AIM OF THE TASK>
Please repeat exactly the lines from the one containing "Комплект 5 штук, Удлинитель" through the last line of the records below, leaving out any pictures.

EXERCISE MATERIALS>

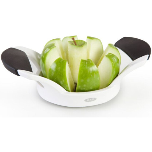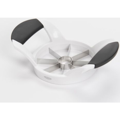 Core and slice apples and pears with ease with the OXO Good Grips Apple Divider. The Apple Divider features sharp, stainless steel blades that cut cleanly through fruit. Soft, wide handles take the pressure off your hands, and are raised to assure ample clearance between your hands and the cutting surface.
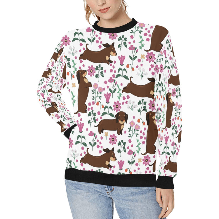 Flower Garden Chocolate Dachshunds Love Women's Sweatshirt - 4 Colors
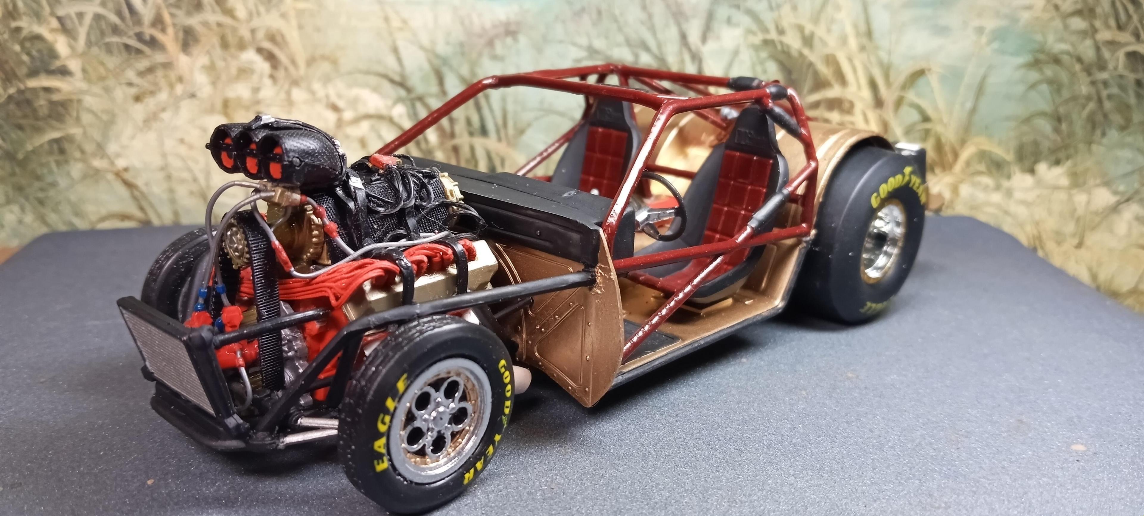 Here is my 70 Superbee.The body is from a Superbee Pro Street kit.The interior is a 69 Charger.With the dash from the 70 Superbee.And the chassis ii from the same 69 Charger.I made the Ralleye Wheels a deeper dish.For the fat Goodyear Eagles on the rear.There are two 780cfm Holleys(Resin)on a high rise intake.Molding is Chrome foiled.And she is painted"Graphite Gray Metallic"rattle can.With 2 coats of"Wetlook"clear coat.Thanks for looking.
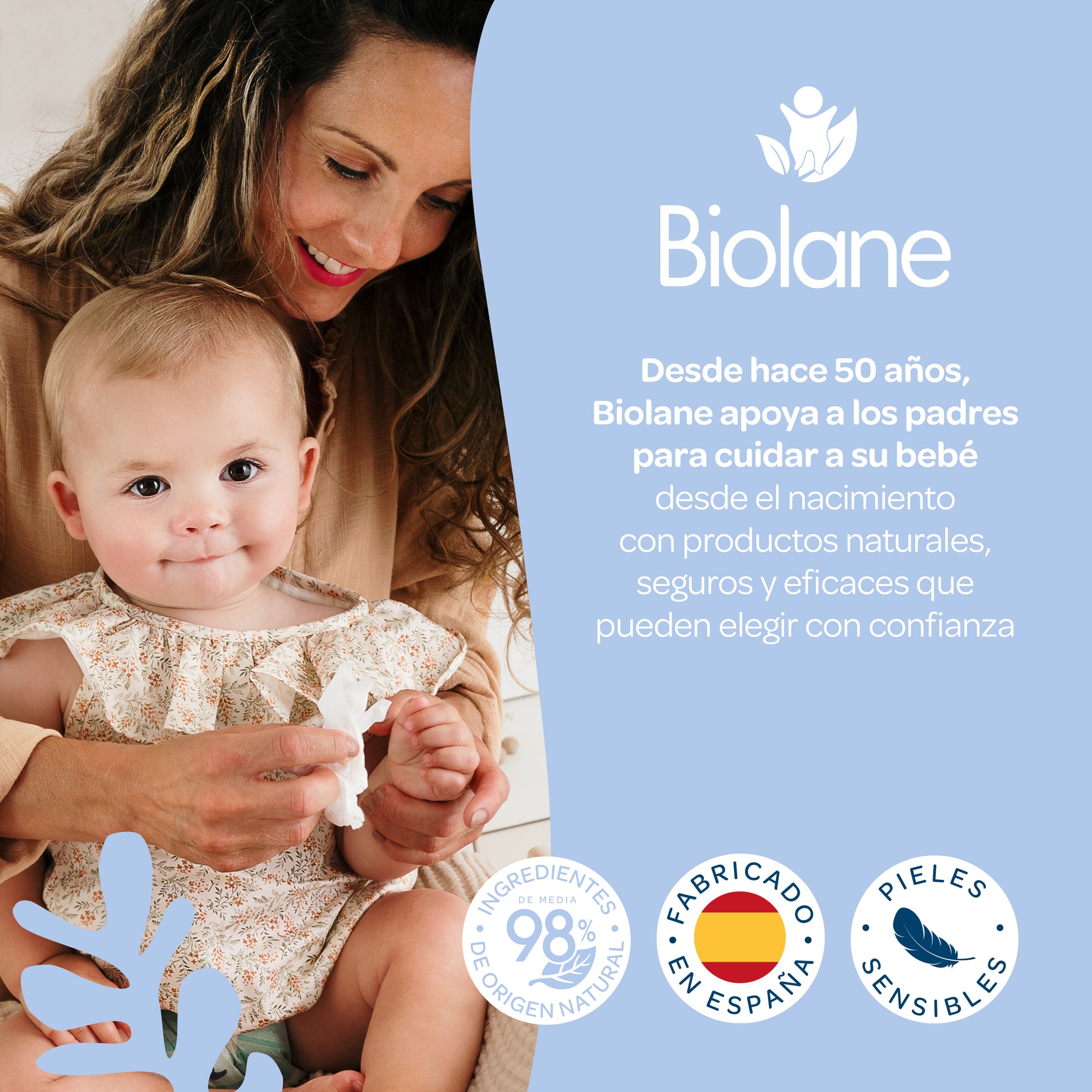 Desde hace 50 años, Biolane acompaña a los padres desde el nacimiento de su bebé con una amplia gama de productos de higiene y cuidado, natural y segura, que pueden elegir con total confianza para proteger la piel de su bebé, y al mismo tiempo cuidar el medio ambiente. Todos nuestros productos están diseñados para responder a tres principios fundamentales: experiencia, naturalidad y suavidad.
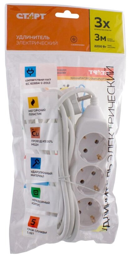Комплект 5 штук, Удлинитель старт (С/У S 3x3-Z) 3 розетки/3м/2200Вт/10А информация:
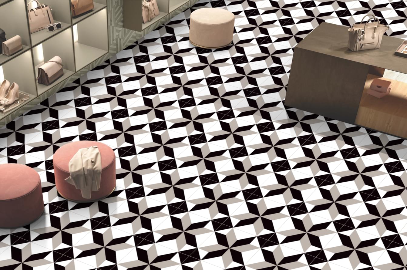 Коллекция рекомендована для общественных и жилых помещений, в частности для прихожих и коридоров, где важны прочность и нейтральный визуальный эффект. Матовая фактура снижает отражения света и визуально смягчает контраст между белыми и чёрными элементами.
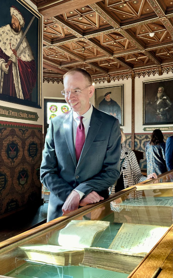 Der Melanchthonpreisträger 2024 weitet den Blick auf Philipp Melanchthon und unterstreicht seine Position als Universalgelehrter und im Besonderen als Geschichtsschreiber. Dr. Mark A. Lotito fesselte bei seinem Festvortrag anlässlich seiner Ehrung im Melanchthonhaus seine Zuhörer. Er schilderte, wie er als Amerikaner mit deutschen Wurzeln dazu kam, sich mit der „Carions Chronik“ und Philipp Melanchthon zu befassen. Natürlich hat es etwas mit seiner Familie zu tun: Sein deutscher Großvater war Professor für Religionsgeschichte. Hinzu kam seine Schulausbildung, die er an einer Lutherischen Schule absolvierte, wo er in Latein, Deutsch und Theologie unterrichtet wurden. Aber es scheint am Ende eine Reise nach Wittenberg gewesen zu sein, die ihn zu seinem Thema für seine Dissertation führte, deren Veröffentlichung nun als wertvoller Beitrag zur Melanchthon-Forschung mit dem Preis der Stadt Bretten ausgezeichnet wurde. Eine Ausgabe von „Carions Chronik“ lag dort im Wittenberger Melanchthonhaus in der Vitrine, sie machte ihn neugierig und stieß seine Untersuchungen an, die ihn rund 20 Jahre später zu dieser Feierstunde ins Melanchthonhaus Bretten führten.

TASK RESULT>
Комплект 5 штук, Удлинитель старт (С/У S 3x3-Z) 3 розетки/3м/2200Вт/10А информация:
 Коллекция рекомендована для общественных и жилых помещений, в частности для прихожих и коридоров, где важны прочность и нейтральный визуальный эффект. Матовая фактура снижает отражения света и визуально смягчает контраст между белыми и чёрными элементами.
 Der Melanchthonpreisträger 2024 weitet den Blick auf Philipp Melanchthon und unterstreicht seine Position als Universalgelehrter und im Besonderen als Geschichtsschreiber. Dr. Mark A. Lotito fesselte bei seinem Festvortrag anlässlich seiner Ehrung im Melanchthonhaus seine Zuhörer. Er schilderte, wie er als Amerikaner mit deutschen Wurzeln dazu kam, sich mit der „Carions Chronik“ und Philipp Melanchthon zu befassen. Natürlich hat es etwas mit seiner Familie zu tun: Sein deutscher Großvater war Professor für Religionsgeschichte. Hinzu kam seine Schulausbildung, die er an einer Lutherischen Schule absolvierte, wo er in Latein, Deutsch und Theologie unterrichtet wurden. Aber es scheint am Ende eine Reise nach Wittenberg gewesen zu sein, die ihn zu seinem Thema für seine Dissertation führte, deren Veröffentlichung nun als wertvoller Beitrag zur Melanchthon-Forschung mit dem Preis der Stadt Bretten ausgezeichnet wurde. Eine Ausgabe von „Carions Chronik“ lag dort im Wittenberger Melanchthonhaus in der Vitrine, sie machte ihn neugierig und stieß seine Untersuchungen an, die ihn rund 20 Jahre später zu dieser Feierstunde ins Melanchthonhaus Bretten führten.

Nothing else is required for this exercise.